Cottage cheese and tomato

Yield: 100 Servings

Measure Ingredient
12½ pounds COTTAGE CHEESE 5 LB
12½ pounds TOMATOES FRESH
4 pounds LETTUCE FRESH

1. TRIM, WASH, AND PREPARE SALAD VEGETABLE AS DIRECTED ON RECIPE CARD M-G-1.

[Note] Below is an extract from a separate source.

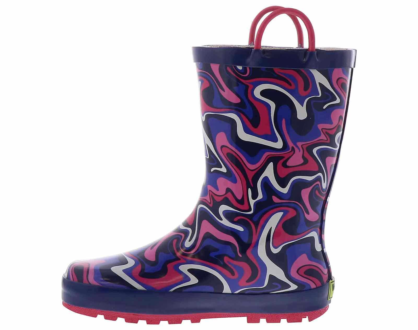 Let your little one have fun and make a splash with the Western Chief Hydro Swirl Youth Girls’ (11-4) Rain Boot! These rainboots feature convenient pull loops for easy on and off as well as a rubber outsole for traction on slippery surfaces. With the Western Chief Hydro Swirl Youth Girls’ (11-4) Rain Boot, she can stomp puddles in style while you can easily wipe them clean after a hard day of play in the rain and mud.

2. CUT EACH TOMATO INTO 8 WEDGES; SET ASIDE FOR USE IN STEP 5.

3. PLACE 1 LETTUCE LEAF ON EACH SERVING DISH.

4. PLACE ¼ CUP (1-NO. 16 SCOOP) COTTAGE CHEESE IN CENTER OF LETTUCE LEAF.

5. ARRANGE 3 TOMATO WEDGES AROUND COTTAGE CHEESE.

6. GARNISH WITH PAPRIKA. COVER; REFRIGERATE UNTIL READY TO SERVE.

NOTE: 1. IN STEP 1, 4 LB 5 OZ FRESH LETTUCE A.P. WILL YIELD 4 LB TRIMMED LETTUCE.

NOTE: 2. IN STEP 1, 12 LB 12 OZ FRESH TOMATOES A.P. WILL YIELD 12 LB 8 OZ TOMATO WEDGES.

NOTE: 3. IN STEP 4, 1 LB 1 OZ (2-NO. 10 CN) CANNED DEHYDRATED COTTAGE CHEES

MAY BE USED. REHYDRATE ACCORDING TO INSTRUCTIONS ON CONTAINER.

Recipe Number: M01400

SERVING SIZE: ¼ CP(2 O

From the <Army Master Recipe Index File> (actually used today!).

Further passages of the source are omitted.